Power has turned into a monster that grows larger every day, devouring everything and overwhelming balances, long established, on which the West had bet. Now that Western aid languishes because of lack of money, the misery that spreads in the air inevitably leads to a religious drift on which the more fundamentalist fringes are based. As a result, tourism has collapsed both in Tunisia and in Egypt due to riots and destabilization. In this context of devastation, unimaginable only a few years ago, the germ of discord was planted on which Iran blows.

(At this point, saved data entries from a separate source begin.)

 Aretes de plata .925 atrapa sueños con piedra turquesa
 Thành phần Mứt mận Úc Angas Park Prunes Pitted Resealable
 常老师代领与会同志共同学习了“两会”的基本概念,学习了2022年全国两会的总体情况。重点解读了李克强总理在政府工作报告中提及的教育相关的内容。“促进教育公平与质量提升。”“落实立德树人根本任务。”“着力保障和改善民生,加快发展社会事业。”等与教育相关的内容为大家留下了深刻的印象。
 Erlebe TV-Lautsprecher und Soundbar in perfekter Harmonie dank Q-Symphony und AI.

A wind of war that does not promise anything good ...
This gambling has shaken the nerves of Western rulers, terrified that the Strait of Hormuz could be closed, with all the imaginable repercussions for oil going to the West ... The fundamentalist drift seems inevitable even for a country like Turkey that so far it has remained on secular positions, such as to guarantee the geo-political balance in the entire surrounding area.

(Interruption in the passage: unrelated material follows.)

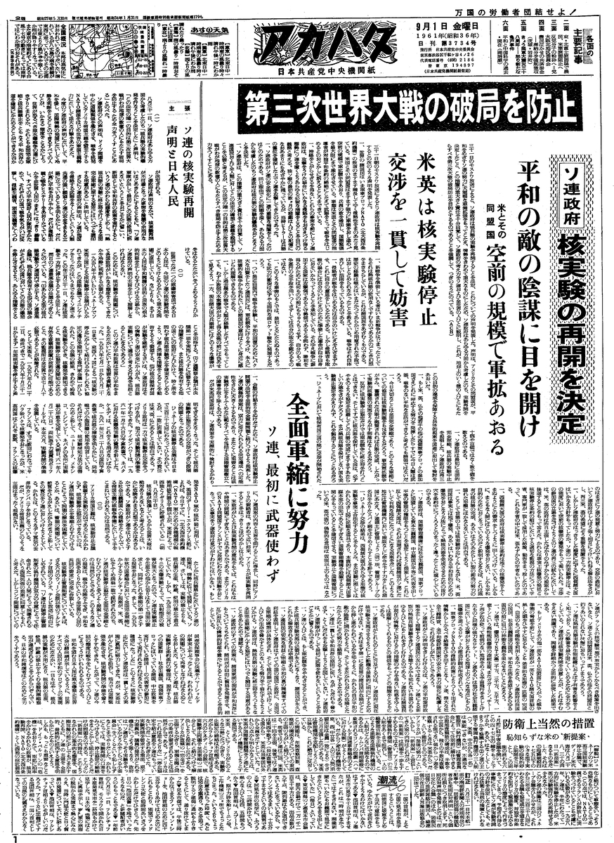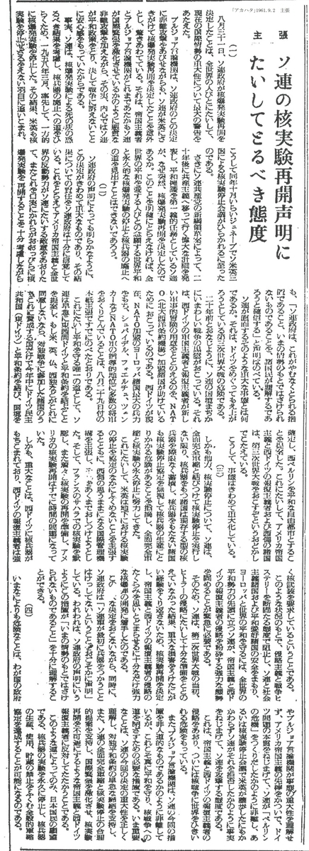 ソ連の核実験再開表明の報道。数年前、この「アカハタ」(1961年9月2日付)の記事を見た時はショックだった。

Have you seen the skilled strategic maneuvers of Prime Minister Erdoğan who managed to anticipate the moves of European partners during the Arab Springs? Europe, unable to draw up a single political strategy for North Africa and the Middle East, has been overtaken by Turkish decision-making.
Erdoğan's blitz in Libya, Tunisia and Egypt, with unexpected timing, wanted to send a signal: Turkey, shaking off the European status of member state - not yet perfected due to lack of will to respect the civil rights required by the Union as a conditio sine qua non for its official entry into Europe - it wanted to underline its hegemonic role within the Mediterranean chessboard as a lay Islamic state.

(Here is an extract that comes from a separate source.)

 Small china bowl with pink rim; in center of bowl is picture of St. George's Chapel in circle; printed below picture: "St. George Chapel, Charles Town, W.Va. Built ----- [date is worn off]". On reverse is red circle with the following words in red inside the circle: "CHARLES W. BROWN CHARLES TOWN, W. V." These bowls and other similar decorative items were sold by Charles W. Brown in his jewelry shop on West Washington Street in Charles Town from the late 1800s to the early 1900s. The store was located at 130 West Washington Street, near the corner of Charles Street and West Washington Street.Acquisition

Able to dialogue more successfully with neighboring Muslim peoples than other European interlocutors, it has woven a series of surprise relations with those countries that emerged from the war, like Libya, or from the uncertain outcomes of the Arab Springs ... Now, after the coup suffered or ridden for political reasons by President Erdoğan, the situation in Turkey is even more deteriorated with an unpredictable epilogue that hopefully does not lead to the civil war in that country.
But meanwhile his current policy aims to destroy the Kurds in Syria ... And everyone is watching as the carnage of the Kurds, used by the US against Daesh and now abandoned to their fate, does not stop. And the world is watching impetuously, while the USA, like Pontius Pilate, wash their hands ...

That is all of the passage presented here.